##### SOURCE DATA #####

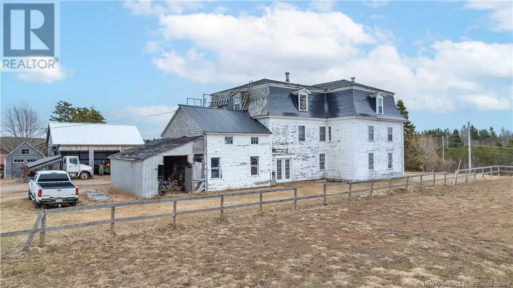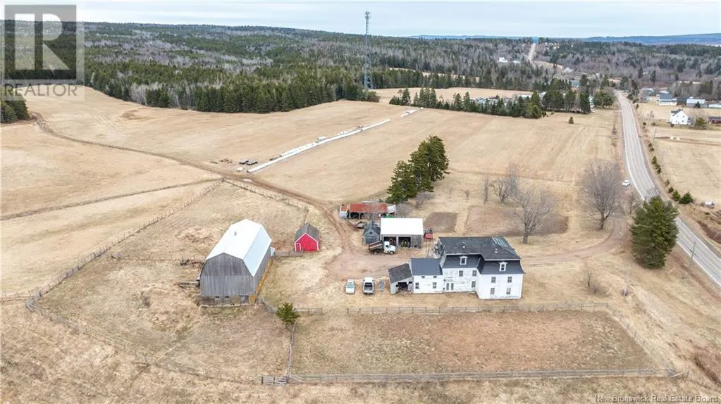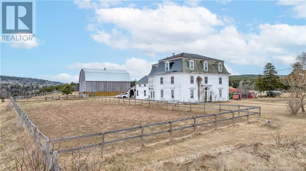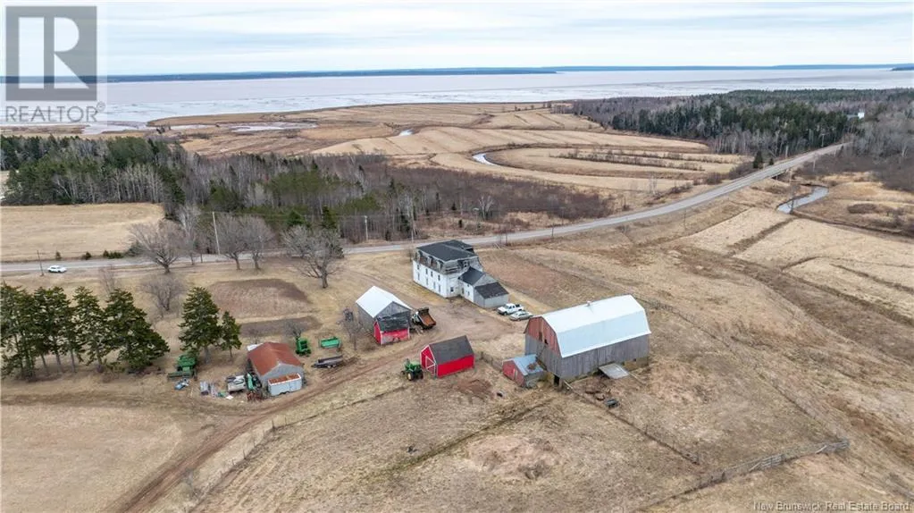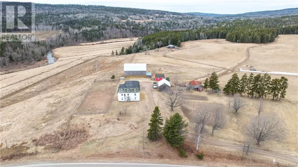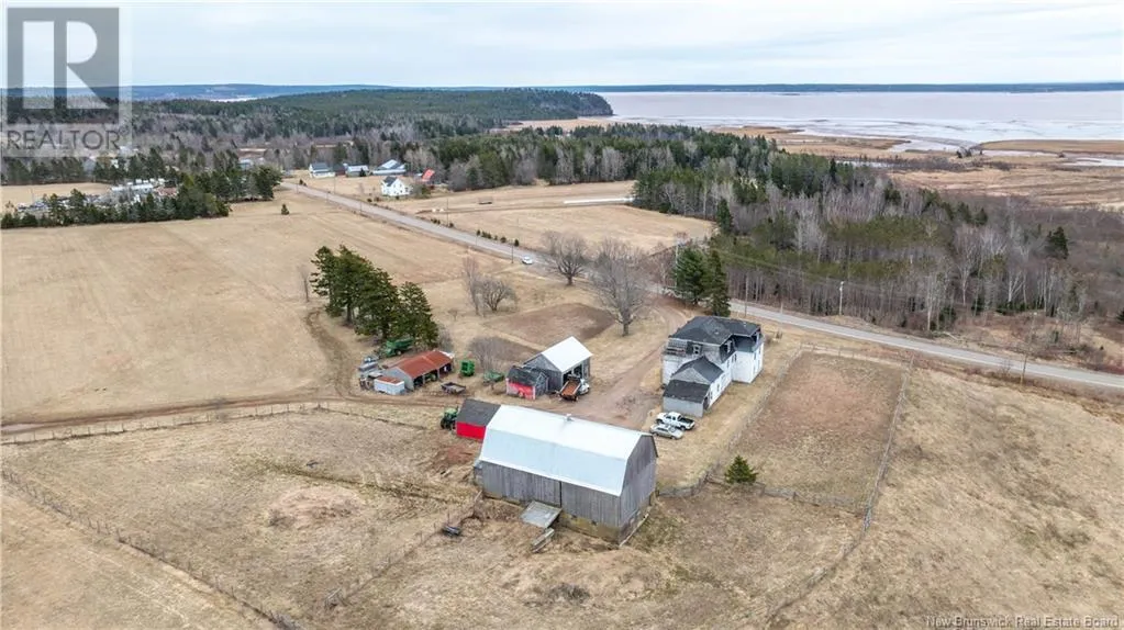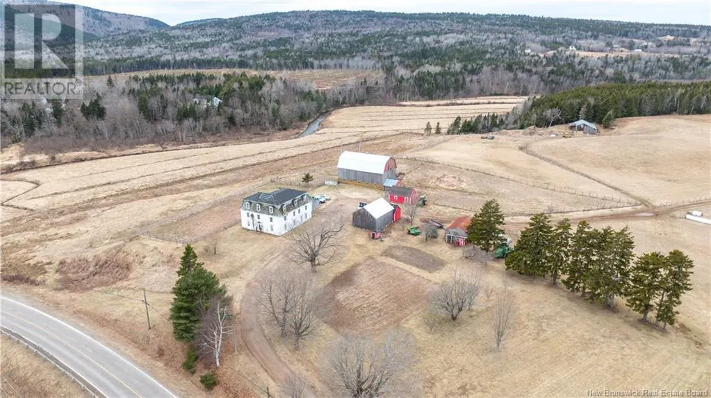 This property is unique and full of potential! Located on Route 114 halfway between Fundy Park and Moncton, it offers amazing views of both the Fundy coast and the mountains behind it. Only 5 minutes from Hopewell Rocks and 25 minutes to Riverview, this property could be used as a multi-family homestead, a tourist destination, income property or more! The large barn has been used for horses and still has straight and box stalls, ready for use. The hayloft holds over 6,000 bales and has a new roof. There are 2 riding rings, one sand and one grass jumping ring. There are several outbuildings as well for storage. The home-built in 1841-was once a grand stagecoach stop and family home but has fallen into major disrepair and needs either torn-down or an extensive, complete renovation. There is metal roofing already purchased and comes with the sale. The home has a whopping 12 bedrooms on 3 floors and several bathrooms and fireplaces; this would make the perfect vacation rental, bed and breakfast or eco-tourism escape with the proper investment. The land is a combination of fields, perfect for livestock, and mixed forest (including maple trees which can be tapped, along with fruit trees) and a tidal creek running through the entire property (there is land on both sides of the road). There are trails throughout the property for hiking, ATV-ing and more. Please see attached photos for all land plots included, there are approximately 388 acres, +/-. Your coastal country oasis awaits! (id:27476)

#####
##### SOURCE DATA #####

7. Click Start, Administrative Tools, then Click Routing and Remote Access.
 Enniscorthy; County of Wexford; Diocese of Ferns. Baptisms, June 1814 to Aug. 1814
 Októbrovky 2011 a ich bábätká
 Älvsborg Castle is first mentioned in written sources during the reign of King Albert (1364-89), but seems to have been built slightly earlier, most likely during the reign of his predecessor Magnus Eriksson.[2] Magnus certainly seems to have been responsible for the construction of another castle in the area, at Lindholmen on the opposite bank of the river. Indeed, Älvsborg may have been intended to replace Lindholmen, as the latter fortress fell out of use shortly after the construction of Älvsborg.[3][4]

#####

▶ PROBLEM STATEMENT
All lines above from the one holding "Októbrovky 2011 a ich bábätká" to the one holding "Älvsborg Castle is", inclusive, are to be copied exactly; no other line is wanted.

▶ YOUR SOLUTION
 Októbrovky 2011 a ich bábätká
 Älvsborg Castle is first mentioned in written sources during the reign of King Albert (1364-89), but seems to have been built slightly earlier, most likely during the reign of his predecessor Magnus Eriksson.[2] Magnus certainly seems to have been responsible for the construction of another castle in the area, at Lindholmen on the opposite bank of the river. Indeed, Älvsborg may have been intended to replace Lindholmen, as the latter fortress fell out of use shortly after the construction of Älvsborg.[3][4]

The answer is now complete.